For openness, here is a copy of it:

Webrequest

Webrequest represents requests sent to the caching layers of Mediawiki: Varnish.

Note: Defining what is logged in each process and the log level would require another pass.

VarnishKafka collection

VarnishKafka is a varnish log collector with an integrated Apache Kafka producer.
https://wikitech.wikimedia.org/wiki/Data_Engineering/Systems/Varnishkafka

Logs: VarnishKafka code includes some logging mechanisms. Is it collected in Logstash, and accessible on the machines? What's the log level?

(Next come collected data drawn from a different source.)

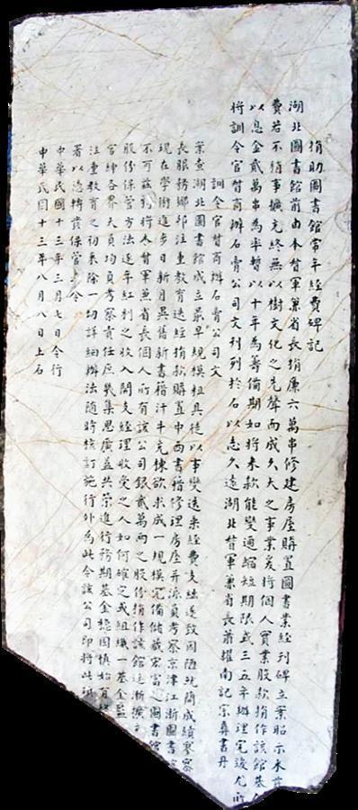 《东壁灵光——湖北省图书馆旧址考》作者昌庆旭,凭着对图书馆事业的热爱,以1980年一家单位挖排水沟发现的两块残碑为线索,挖掘出的湖北省图书馆最初建馆纪事残碑的历史图片。
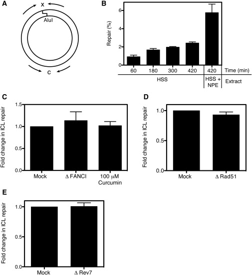 (C) Quantification of ICL repair in mock- and FANCI-depleted HSS or in HSS treated with 100 μM curcumin.
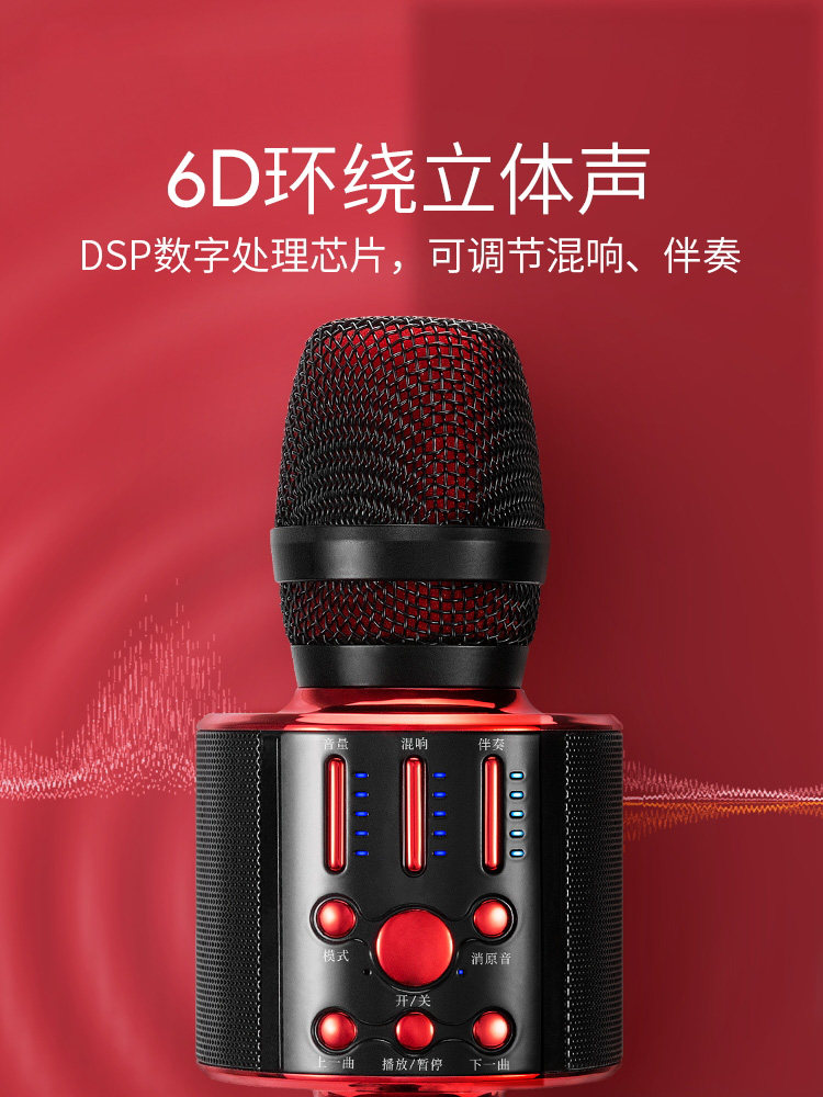 Microphone microphone audio one national K song artifact home TV KTV dedicated mobile phone wireless bluetooth vibrato live singing recording comes with sound card children's karaoke general
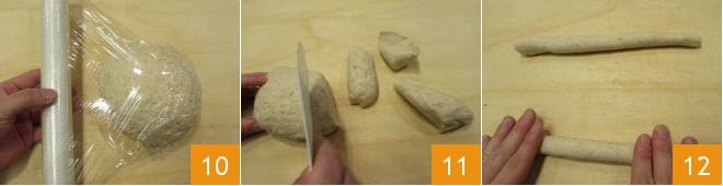 et enveloppez-la dans le film plastique 10. Laissez reposer la pâte dans un endroit frais pendant 1 heure (à l'extérieur du frigo, cela ira). Une fois le temps de repos écoulé, reprenez la pâte, divisez-la en petites portions 11, de celles-ci créez des boudins d'environ 1 cm de diamètre 12.
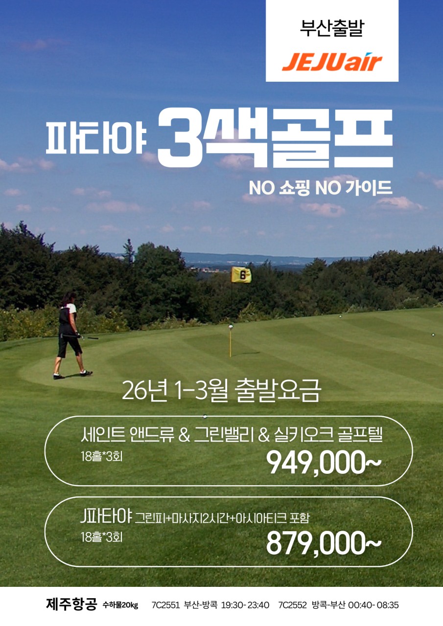 [1월~3월] 부산출발 파타야 골프 3색(NO가이드) 3박5일
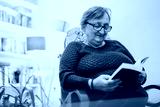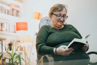 A senior woman reads contentedly in her living room, surrounded by books and warm lighting, embodying relaxation and love for literature. A moment of tranquility and personal comfort.
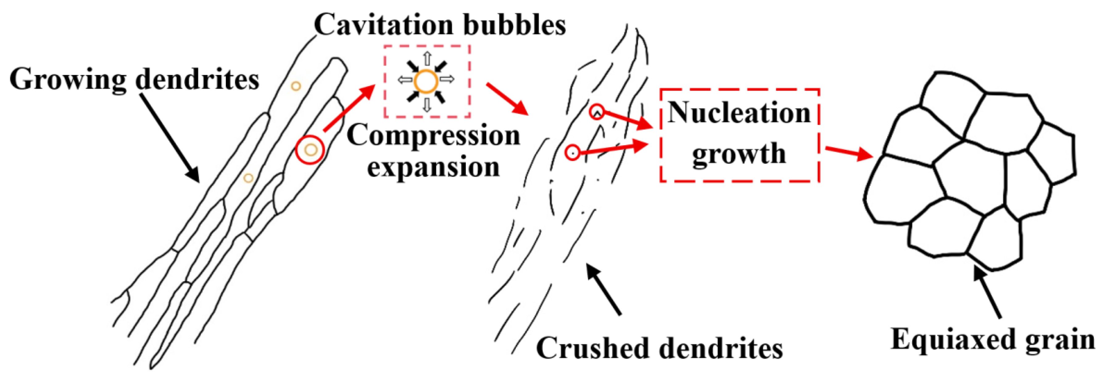 - Wang, F.; Dmitry, E.; Jiawei, M.; Wang, C.N.; Billy, K.; Andrew, K.; Christina, R.; Thomas, C. A synchrotron X-radiography study of the fragmentation and refinement of primary intermetallic particles in an Al-35 Cu alloy induced by ultrasonic melt processing. Acta Mater. 2017, 141, 142–153. [Google Scholar] [CrossRef]
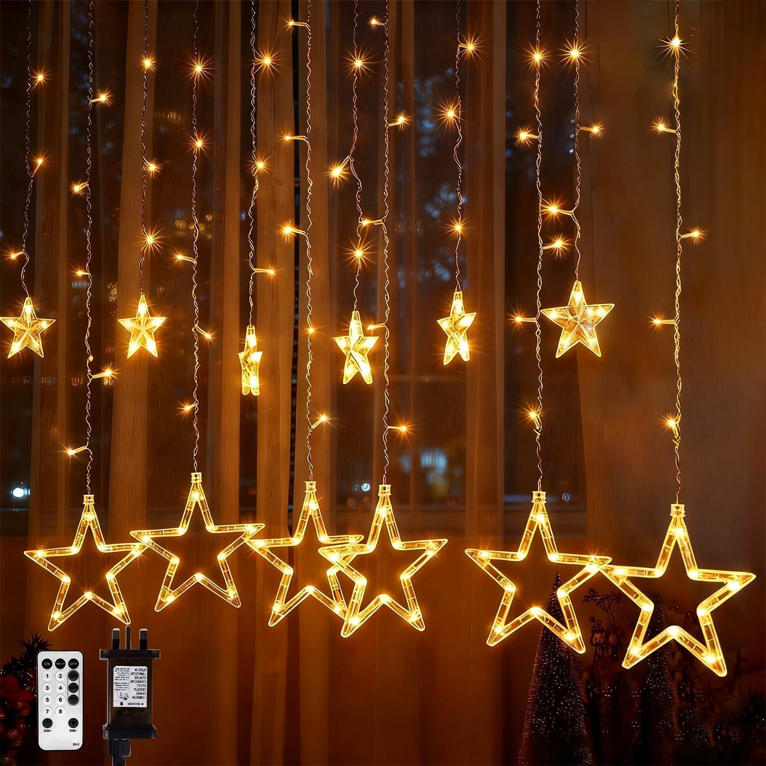 Opard Christmas Window Lights 3.6m 138 LEDs 12 Stars, Christmas Decorations Cur
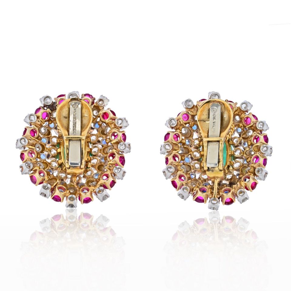 David Webb Platinum & 18K Yellow Gold Emerald, Ruby And Diamond Clip Earrings
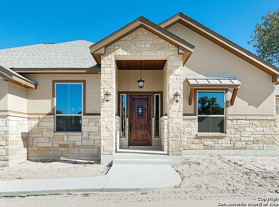 Welcome Home! You will fall in love with all the neat features this house has to offer. Through the gorgeous 8'X42" knotty wood front door you will find an open concept living space with exposed beams, that flows from the formal dining room, in the living room, and into the kitchen. The kitchen has custom hickory cabinets, under cabinet lighting, stainless steel appliances(including a drawer-style microwave), a huge walk in pantry, and a leather finish granite that fits the house perfectly! The good sized bedrooms are split from the master and have a bathroom in between them with a double vanity. In the master suite you will find a hickory barn door leading to the relaxing master bath. Complete with 2 walk in closets, a double vanity, and a garden tub separate from the walk in shower. The house has 2 HVAC units, is pre-plumbed for propane(for those who prefer gas cooking), and also has a 320 AMP electrical panel that is ready for you to add a pool or outbuilding. Builder is also putting sod and a 5-zone sprinkler system around the house. The neighborhood has a pond with a walking trail around it, on Hidden Pond Dr.
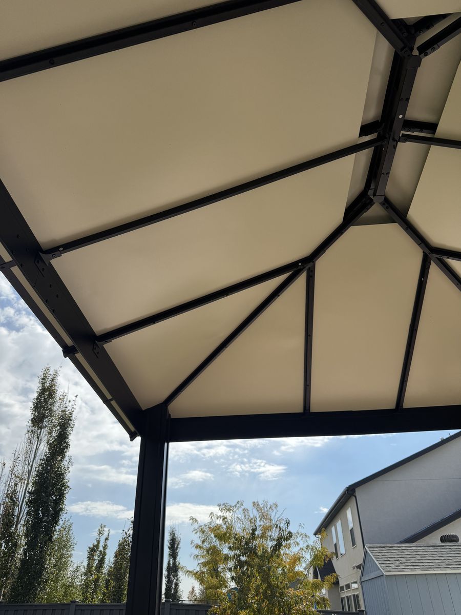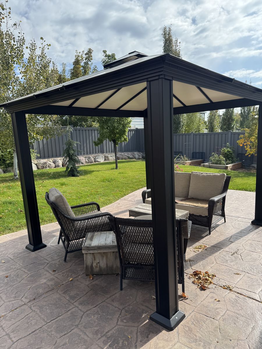 VenmoPergola by Paragon. 10'x12'. Santa Monica. Aluminum with composite panels. Is dissassembled. I can deliver if you are not far. I could possibly help assemble. Manual included. Was not difficult. After a couple weeks I replaced it with a larger one. From Costco.
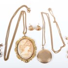 A pair of 9ct gold, sapphire and colourless gem set pendant cluster earrings, length 1.6cm, a pair of gold, half-pearl and citrine pendant earrings, detailed ‘9ct’, total weight 4.1g, another pair of earrings, a 9ct gold circular pendant locket with a gold neckchain on a boltring clasp, detailed ‘9’, weight 4g, and a gilt metal mounted shell cameo pendant with a neckchain.
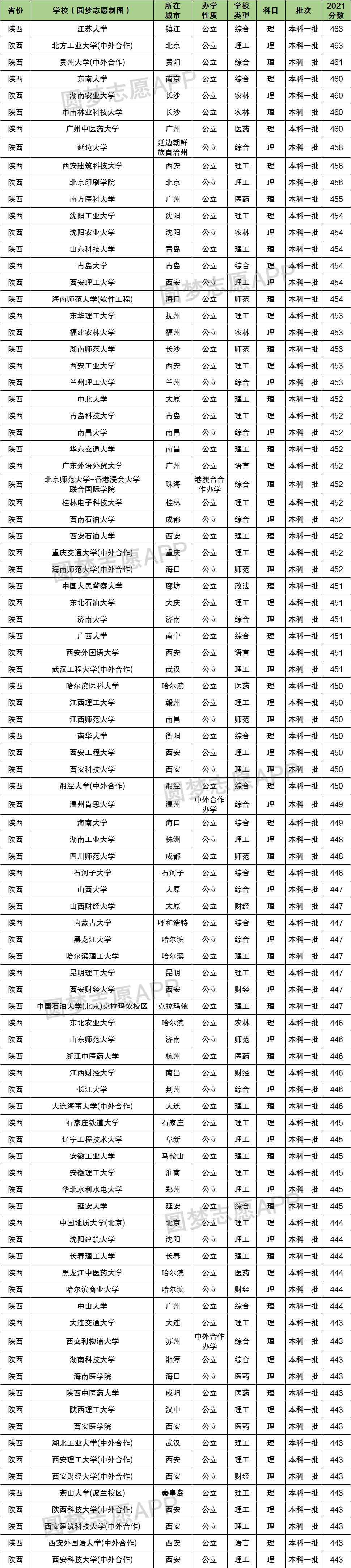 ①陕西理科:燕山大学(波兰校区) ( 443 分 )、陕西科技大学(中外合作) ( 443 分 )、西安建筑科技大学(中外合作) ( 443 分 )、西安外国语大学(中外合作) ( 443 分 )、西安科技大学(中外合作) ( 443 分 )。

Unit tests: not of the code itself, only integration tests.

Instrumentation:

Checks:

  • Can't find a sanity check between Varnish logs and Kafka messages.
  • Can't find a Check that all Varnish instances bundle a running VarnishKafka beside them.
  • Duplication and completeness check: included in webrequest DQ checks.

Alerts:

  • VarnishkafkaNoMessages: We fire a warning if the rate of kafka messages is less than 20% (10%) of the rate of varnish requests over a 5 minutes period.
  • VarnishKafkaDeliveryErrors: When we average more than 1 (5) error(s) per second per caching method, instance, and datacenter.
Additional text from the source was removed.